Stored records
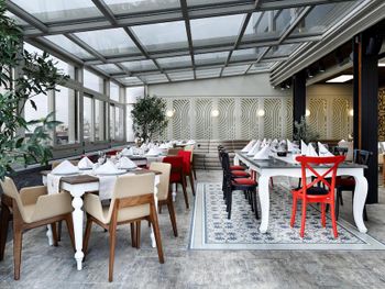 В ресторане с террасой на крыше, откуда открывается панорамный вид на Стамбул, подают традиционные фирменные блюда турецкой кухни, а также блюда интернациональной кухни.
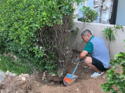 夏日高温下,校园花卉绿植更需悉心照料。随着日头升高,地表温度飙升,绿化养护工作有序进行,包括草坪修剪、移苗补苗、杂草清理、绿篱修剪、病虫害防治打药、乔灌木修剪及浇水养护等。这些工作保障了暑期校园环境的整洁卫生与绿化景观的正常维护。
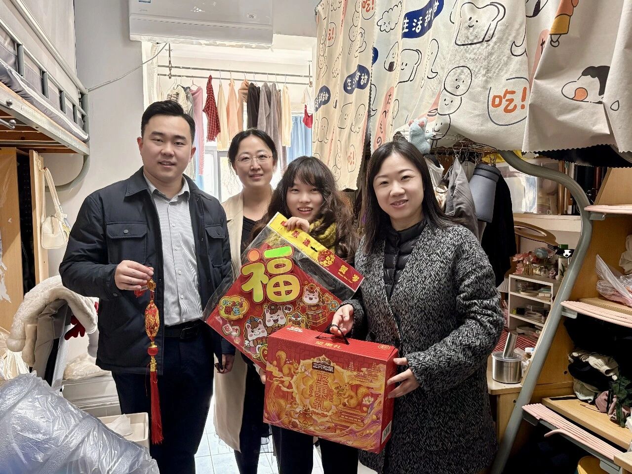 新春将至,年味渐浓。在春节来临之际,公司党委书记王晖、辅导员张雅静、邵祥岚、王振彬一行深入员工宿舍,开展新春走访慰问活动,为留校学子送上诚挚的节日祝福与暖心关怀。
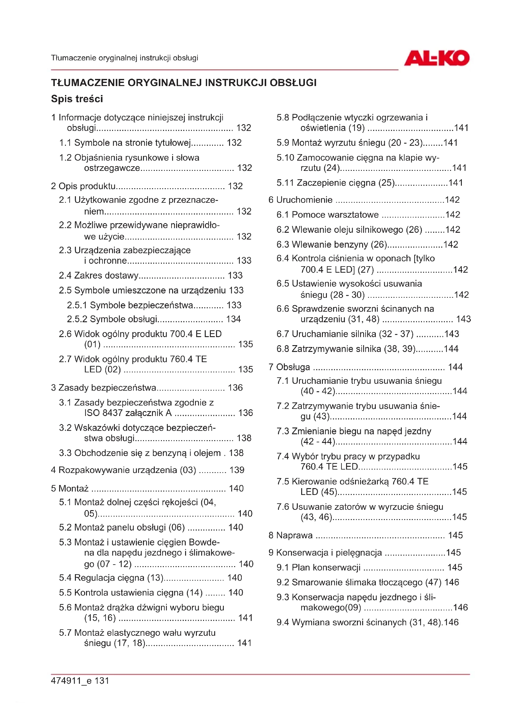 132 SnowLine 700.4 E LED | SnowLine 760.4 TE LED Informacje dotyczące niniejszej instrukcji obsługi
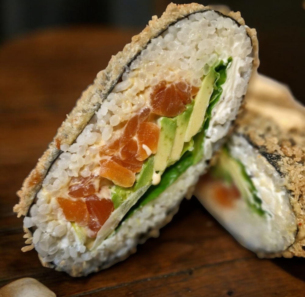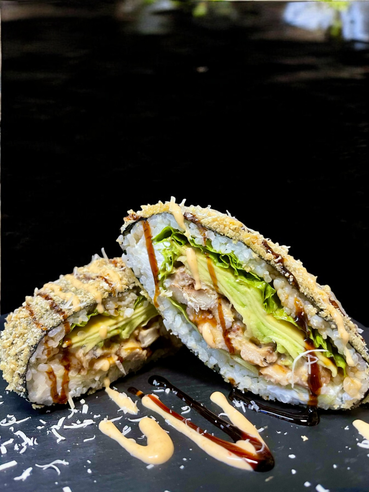 Соковитий великий суші-бургер з лососем , авокадо , свіжим огірком та роменом . Багато вершкового чіза , фирмового соуса в хрусткій скоринці панко

## EXERCISE DIRECTIONS
Restate word for word the lines of the data above that begin at the line with "夏日高温下,校园花卉绿植更需" and end at the line with "132 SnowLine 700.4", keeping both ends and dropping every picture.

## ANSWER SPACE
 夏日高温下,校园花卉绿植更需悉心照料。随着日头升高,地表温度飙升,绿化养护工作有序进行,包括草坪修剪、移苗补苗、杂草清理、绿篱修剪、病虫害防治打药、乔灌木修剪及浇水养护等。这些工作保障了暑期校园环境的整洁卫生与绿化景观的正常维护。
 新春将至,年味渐浓。在春节来临之际,公司党委书记王晖、辅导员张雅静、邵祥岚、王振彬一行深入员工宿舍,开展新春走访慰问活动,为留校学子送上诚挚的节日祝福与暖心关怀。
 132 SnowLine 700.4 E LED | SnowLine 760.4 TE LED Informacje dotyczące niniejszej instrukcji obsługi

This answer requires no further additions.